(Beginning of Dataset extract)

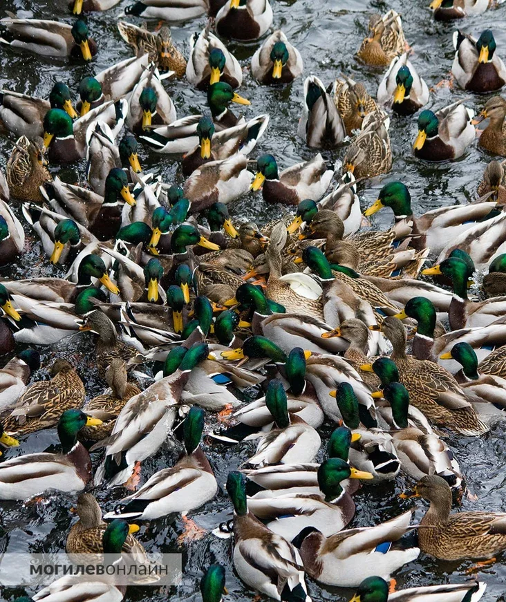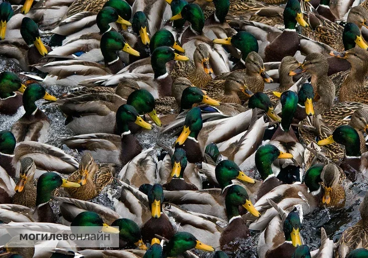 Сотни уток заполонили реку в Могилеве. В теплые края не улетели, потому что слишком сытно живется рядом с человеком
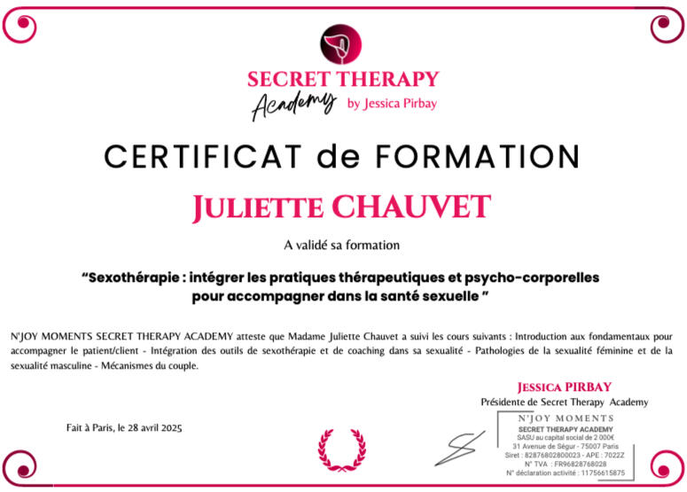 Tout comportement inapproprié, sexuellement explicite, agressif ou déplacé entraînera l’interruption immédiate de la séance, sans remboursement.Juliette Chauvet se réserve le droit de refuser ou mettre fin à toute collaboration en cas de non-respect du cadre ou des valeurs de l’accompagnement.Article 6 – Responsabilités
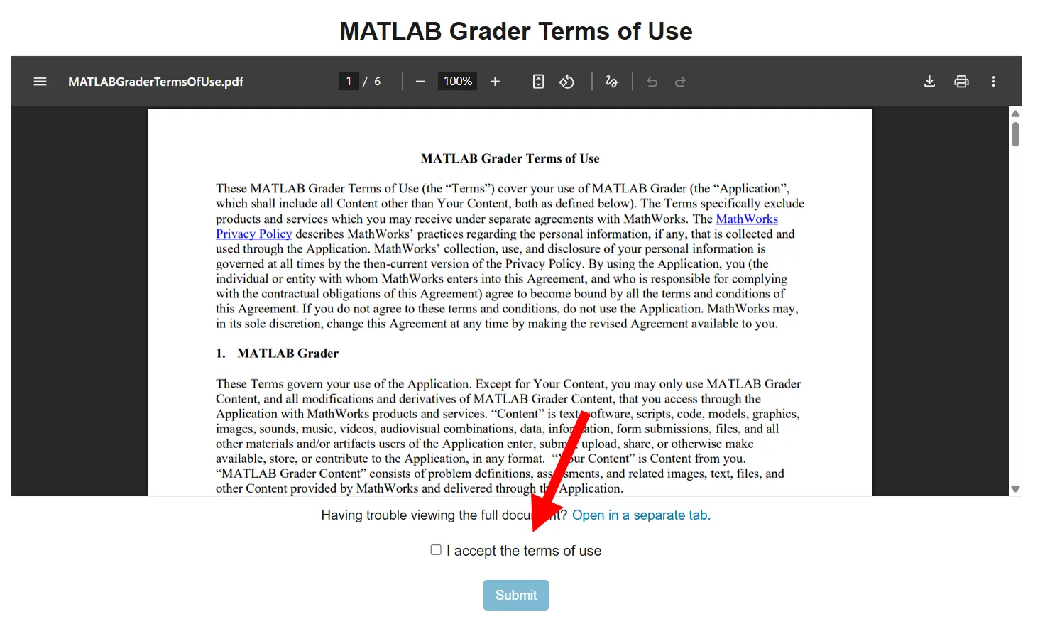 3. If the following “MATLAB Grader Terms of Use” screen appears, please review the content, check “I accept the terms of use”, and click “Submit”.
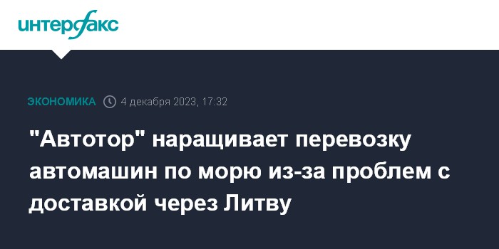 В пресс-службе "Автотора" текущую ситуацию с доставкой автомобилей "Интерфаксу" комментировать не стали, отметив лишь, что автопроизводитель давно использует два маршрута для вывоза готовой продукции - сухопутный железнодорожный и морскими паромами. Их задействование зависит от различных обстоятельств и ситуации при производстве автомобилей.

(End of Dataset extract)

- **Your goal**
Give back all of the material exactly, though without the images it contains.

- **Result**
 Сотни уток заполонили реку в Могилеве. В теплые края не улетели, потому что слишком сытно живется рядом с человеком
 Tout comportement inapproprié, sexuellement explicite, agressif ou déplacé entraînera l’interruption immédiate de la séance, sans remboursement.Juliette Chauvet se réserve le droit de refuser ou mettre fin à toute collaboration en cas de non-respect du cadre ou des valeurs de l’accompagnement.Article 6 – Responsabilités
 3. If the following “MATLAB Grader Terms of Use” screen appears, please review the content, check “I accept the terms of use”, and click “Submit”.
 В пресс-службе "Автотора" текущую ситуацию с доставкой автомобилей "Интерфаксу" комментировать не стали, отметив лишь, что автопроизводитель давно использует два маршрута для вывоза готовой продукции - сухопутный железнодорожный и морскими паромами. Их задействование зависит от различных обстоятельств и ситуации при производстве автомобилей.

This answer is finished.